Numbers can be classified in many ways. One way is to use a natural "gradation" from the more concrete to the more abstract types. For example:

**Natural numbers.**These are the first numbers used by mankind. They are simply 1, 2, 3, and so on. These values were created as mental abstraction that could be used to count items.**Cardinal numbers.**These are merely the natural numbers plus 0 (zero). The concept of zero as a number was once puzzling to some, and it had no representation in roman numerals. Since it stands for "nothing" then why even talk about it? Of course it came to be accepted as an actual number.**Integers.**These are cardinal numbers to which a negative sign can be added to represent values smaller than zero. This concept of "less than nothing" was also initially considered unreasonable, and the term "negative" was coined on behalf of those who rejected it.**Real numbers.**These are integers to which a fractional part (or an additional value shown after a decimal mark) is added to represent portions of a whole. Here again, "less than a complete item" can be seen as a foreign concept in some context. But all modern-day students understand the usefulness of real numbers.**Complex numbers.**These are pairs of real numbers handled as a single unit. One of the two components is simply called "real". The other is called "imaginary" due to the fact that it represents a factor of the square root of -1, a value that cannot be represented using a simple real number. But both components of complex numbers are equally real, and complex numbers play a vital role in modern mathematics.

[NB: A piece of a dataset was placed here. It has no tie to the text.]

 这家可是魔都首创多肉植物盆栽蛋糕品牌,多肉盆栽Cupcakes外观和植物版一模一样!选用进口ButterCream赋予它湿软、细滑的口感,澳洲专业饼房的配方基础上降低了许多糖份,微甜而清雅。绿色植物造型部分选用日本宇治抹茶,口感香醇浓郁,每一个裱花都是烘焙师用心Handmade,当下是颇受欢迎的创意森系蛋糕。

To represent a complex number with AddUp, parentheses are used to hold a list of two real numbers (a pair). The so-called "real" component is first in the list; the so-called "imaginary" component is second. A semi-colon separates both items in the list. For example, complex number "(1; 2)" has a real component with a value of 1 and an imaginary component with a value of 2.

Operations on complex numbers are done with AddUp in exactly the same way as operations on real numbers. The complex number is simple entered wherever a real number could also be used. For example, multiplying two complex numbers is done with an expression such as "(1; 2) * (3; 4)".

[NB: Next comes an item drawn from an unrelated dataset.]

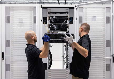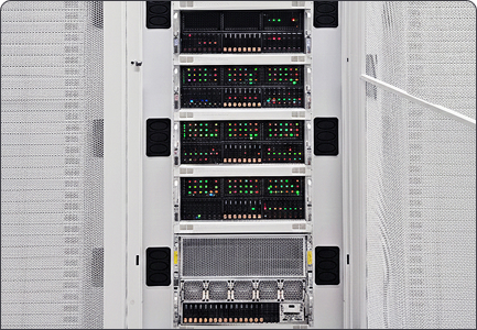 NVIDIA reference-aligned architectures validated for training and inference. Cluster design covering InfiniBand fabrics, high-performance storage (VAST, Weka, DDN), power, cooling and rack layout.

A set of complex number functions is implemented in AddUp to explicitly take advantage of these values. They are:

**arg:**Returns the argument (or phase angle) of a complex number.**conj:**Returns the complex conjugate of a complex number.**imag:**Returns the imaginary component of a complex number.**norm:**Returns the norm (or absolute value, or magnitude) of a complex number.**norm2:**Returns the square of the norm of a complex number.**polar:**Returns a complex number equivalent to the specified polar representation.**real:**Returns the real component of a complex number.